Jornal de Cuidados com a Saúde da Mulher

Jornal de Cuidados com a Saúde da Mulher
Acesso livre

ISSN: 2167-0420

Abstrato

Sex and Gender Bio-psychosocial Differences in Coronavirus Disease 2019 (Covid-19): Men have more Biological Problems, but Women Suffer more Long Term Serious Psychosocial Consequences and with more Implications for Population

Jose Luis Turabian

The current outbreak of coronavirus disease 2019 (COVID-19) continues to spread affecting many countries and territories around the world. The COVID pandemic implies that it is the first time that sex and gender differences have become apparent to the world. COVID-19 poses a greater risk to men, by reasons biological and cultural. Men are likely to have more complicated clinical condition and worse in-hospital outcomes and they have more harmful health habits as compared to women. On the other hand, in the COVID-19 pandemic, greater psychosocial effects can be observed in women, in relation to work, family, intra-family transmission and childcare, affectation by quarantine, etc., which is aggravated due to the fact that most health workers are women. The results for women in crisis situations are significantly worse. The differential effects by sex and gender of the COVID-19 outbreak, both direct and indirect, should be considered a priority.
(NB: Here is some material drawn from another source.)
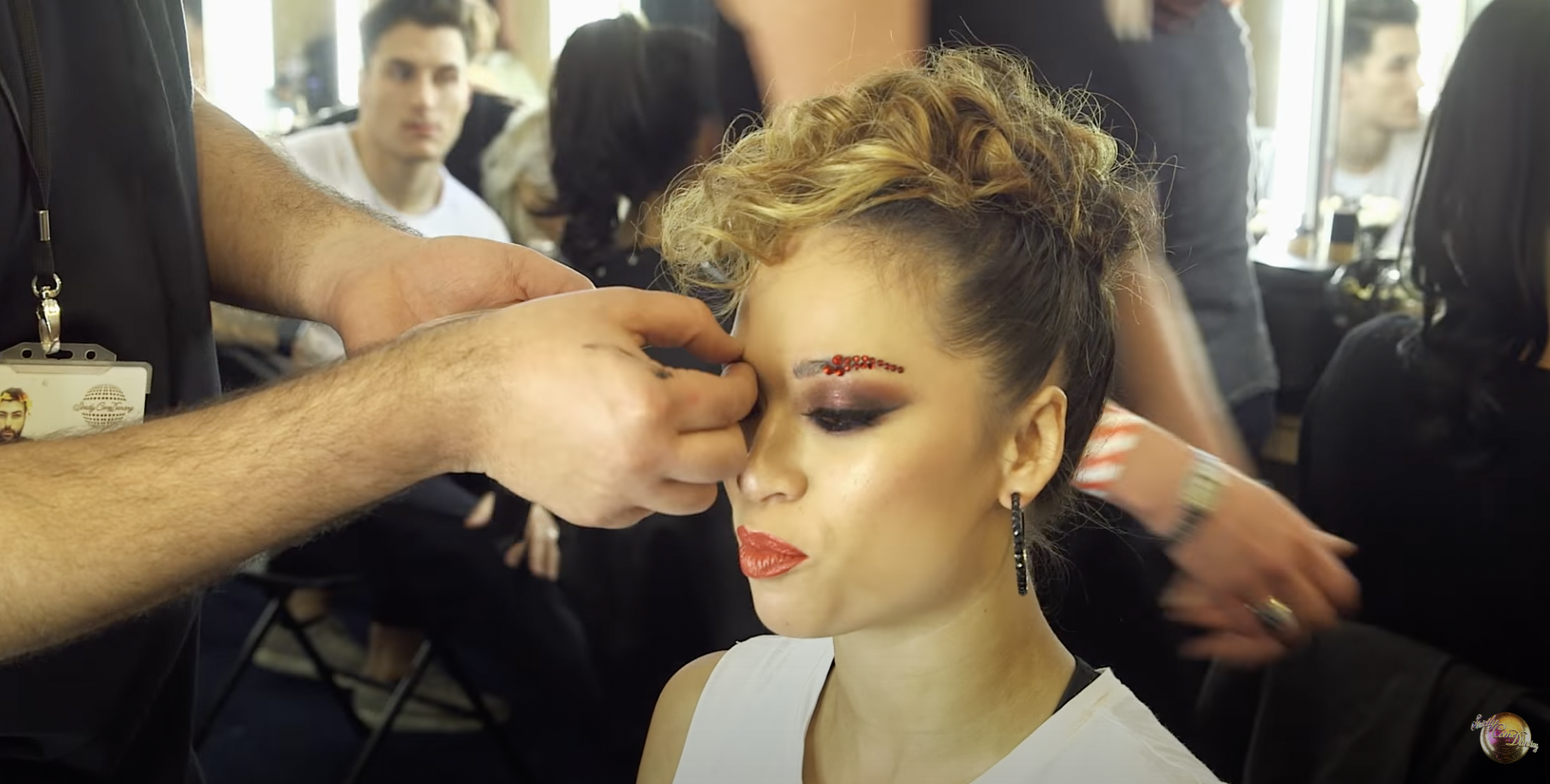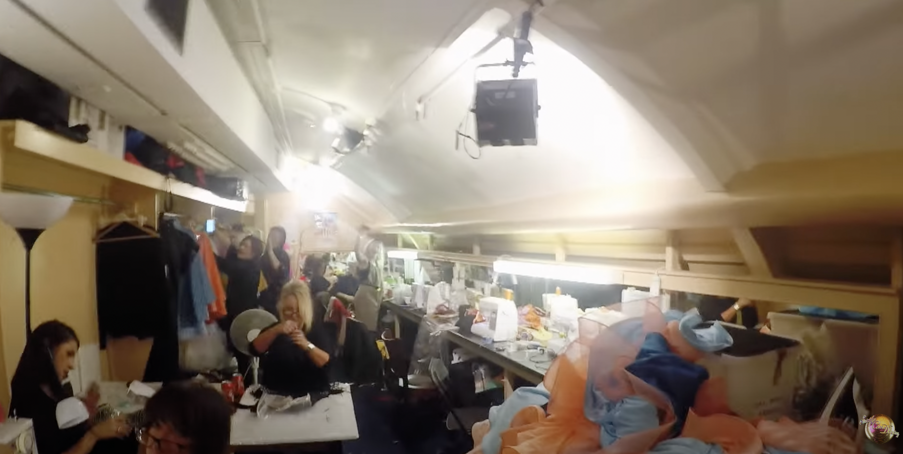 So the temporary backstage area set up by the production team is a maze of cramped corridors, lined with tech equipment and small rooms which are commandeered by the wardrobe and makeup departments.

Future studies on COVID-19 should incorporate more systematic attention to sex and gender on issues such as ongoing vaccine trials and treatments for coronavirus, research on whether COVID-19 symptoms are the same for men and women, the how we can prevent women from bringing the infection to families, as well as fully incorporate women into the mechanisms of surveillance, detection and prevention of global health security.